# hdmed

Our package offers a suite of functions for performing mediation analysis with high-dimensional mediators. Unlike methods for single-mediator mediation analysis—which have been distributed by packages such as “psych,” “mediation,” “medScan”—our package focuses on settings whether there are many potential mediators that need evaluating simultaneously, a topic which has recently become the focus of prolific and exciting methodological work.

## Installation

You can install hdmed from GitHub with:

# install.packages("devtools")
devtools::install_github("dclarkboucher/hdmed")

## Overview

To see how high-dimensional mediation analysis works mathematically, let $$A$$ be an exposure, $$Y$$ be an outcome, $$\mathbf{C}$$ be a set of $$q$$ covariates, and $$\mathbf{M}$$ be a set of $$p$$ potential mediators in the causal pathway between $$A$$ and $$Y$$. Then, supposing we have data on $$n$$ individuals, we can evaluate the mediating role of $$\mathbf{M}$$ with the equations

$$$E[Y_i|A_i,\mathbf{M}_i,\mathbf{C_i}] = \beta_aA_i+\mathbf{\beta_m}^T\mathbf{M_i} + \mathbf{\beta_c}^T\mathbf{C_i}$$$

and

$$$E[\mathbf{M_i}|A_i,\mathbf{C_i}] =\mathbf{\alpha_a}A_i + \mathbf{\alpha_c}\mathbf{C_i}\text{,}$$$

where the first equation is the outcome model and the second equation is the mediator model.
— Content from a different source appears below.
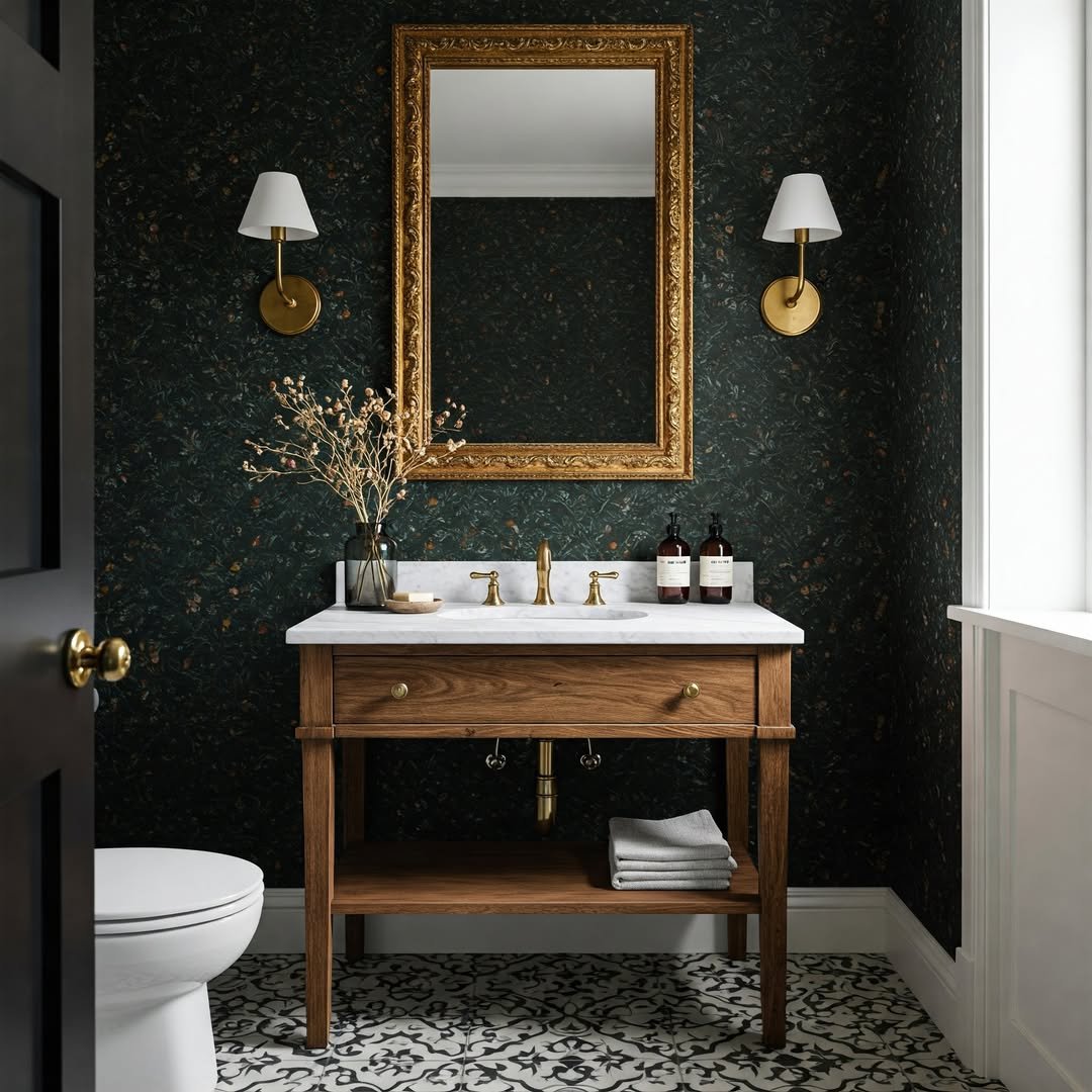 Now this is a bold move—and it pays off. The dark wallpaper instantly adds depth and mood, while that gold mirror and warm wood vanity keep it from feeling too heavy.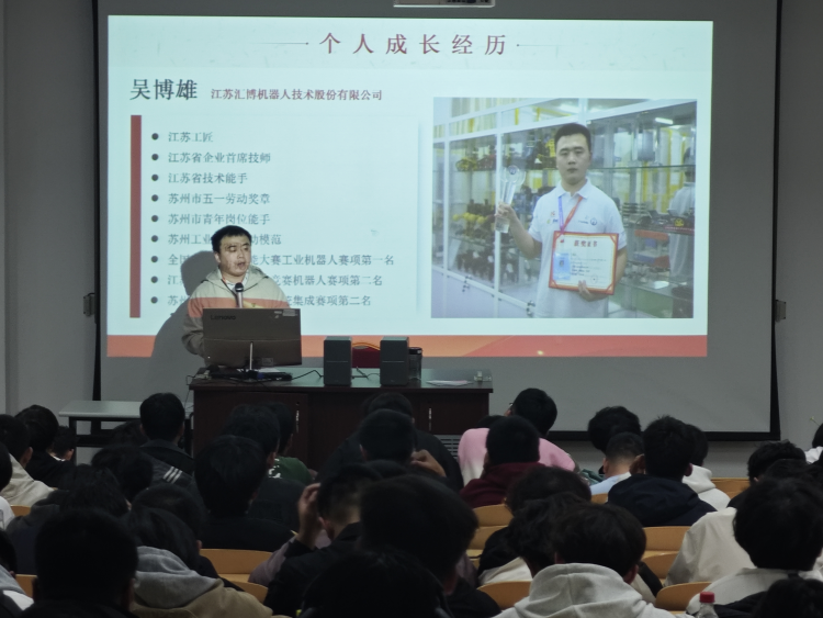 2024年11月12日,江苏汇博机器人技术股份有限公司电气工程师吴博雄应邀来到开云官网工学院,进行了题为“争做新时代‘匠系青年’——机电一体化技术职业规划”的专题讲座。讲座由工学院党总支书记李永泰主持,旨在帮助学生树立职业理想,明确未来发展方向,培养工匠精神。

In the outcome model, our primary estimands are $$\beta_a$$— the direct effect of the exposure on the outcome independent of $$\mathbf{M}$$— and $$\mathbf{\beta_m}$$, a $$p$$-vector of the association between each mediator and $$Y$$ given $$A$$ and $$\mathbf{C}$$. (Unlike many methods common to single-mediator analysis, all the methods included in our package assume there is no interaction effect between $$\mathbf{M}$$ and $$A$$ on $$Y$$.) Likewise, our primary concern in the mediator model is $$\mathbf{\alpha_a}$$, which is a $$p$$-vector of the conditional associations between each mediator and the exposure given $$\mathbf{C}$$. As for the other coefficients, $$\mathbf{\beta_c}$$ is a $$q$$-vector of the covariate-outcome effects, and $$\mathbf{\alpha_c}$$ is a $$p\times q$$ matrix of covariate-mediator associations.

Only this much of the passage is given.